= WHAT YOU HAVE TO DO =
Quote every line of the data below as it stands, omitting pictures.

= DATA PROVIDED =
Segment Open

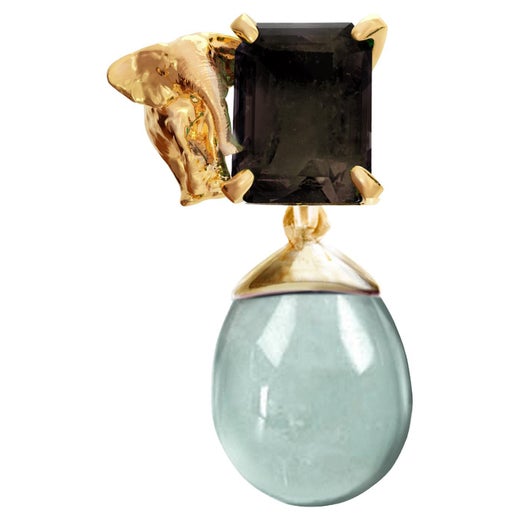 Ces boucles d'oreilles contemporaines, nommées d'après la Mésopotamie, sont composées de quartz vert clair à la menthe naturelle et de deux éléments dorés différents : l'éléphant et ...
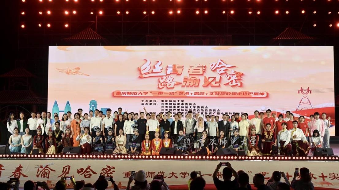 据悉,近年来,bat365官方官网立足大思政工作格局,探索形成了“艺术+思政+实践”的思政工作育人品牌。本次学校“丝路青春·渝见哈密”社会实践服务团作为校级重点团队,首次走进新疆巴里坤开展暑期“三下乡”社会实践活动,通过走访调研,深入边疆基层一线观察民风社情;服务送教,将美育实践成果带进民族课堂;实地采风,领略西部建设新样貌和祖国大美河山。服务团师生把在社会广阔天地中的所见所思所感充分吸收整理,联动地方百姓和中小学生代表,通过沉浸式讲述、民族歌曲、民族舞蹈等艺术形式,共同呈现一堂同心铸魂、青春共鉴、丝路新韵的大中小学一体化青春思政课堂。
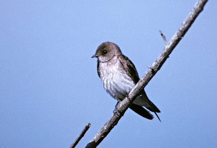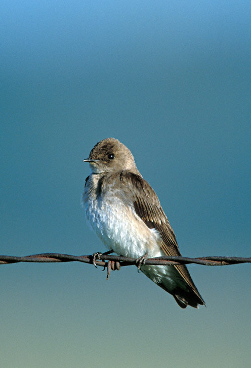 | The Northern Rough-winged Swallow shown here was at Fort Niobrara N.W.R., Cherry Co., Nebraska, in June, 2001. This shot was taken with a Canon EOS 3 and EF 500mm F/4 L IS lens and 1.4X extender on Fuji Provia film. |

Segment Closed

= SOLVED PROBLEM =
 Ces boucles d'oreilles contemporaines, nommées d'après la Mésopotamie, sont composées de quartz vert clair à la menthe naturelle et de deux éléments dorés différents : l'éléphant et ...
 据悉,近年来,bat365官方官网立足大思政工作格局,探索形成了“艺术+思政+实践”的思政工作育人品牌。本次学校“丝路青春·渝见哈密”社会实践服务团作为校级重点团队,首次走进新疆巴里坤开展暑期“三下乡”社会实践活动,通过走访调研,深入边疆基层一线观察民风社情;服务送教,将美育实践成果带进民族课堂;实地采风,领略西部建设新样貌和祖国大美河山。服务团师生把在社会广阔天地中的所见所思所感充分吸收整理,联动地方百姓和中小学生代表,通过沉浸式讲述、民族歌曲、民族舞蹈等艺术形式,共同呈现一堂同心铸魂、青春共鉴、丝路新韵的大中小学一体化青春思政课堂。
 | The Northern Rough-winged Swallow shown here was at Fort Niobrara N.W.R., Cherry Co., Nebraska, in June, 2001. This shot was taken with a Canon EOS 3 and EF 500mm F/4 L IS lens and 1.4X extender on Fuji Provia film. |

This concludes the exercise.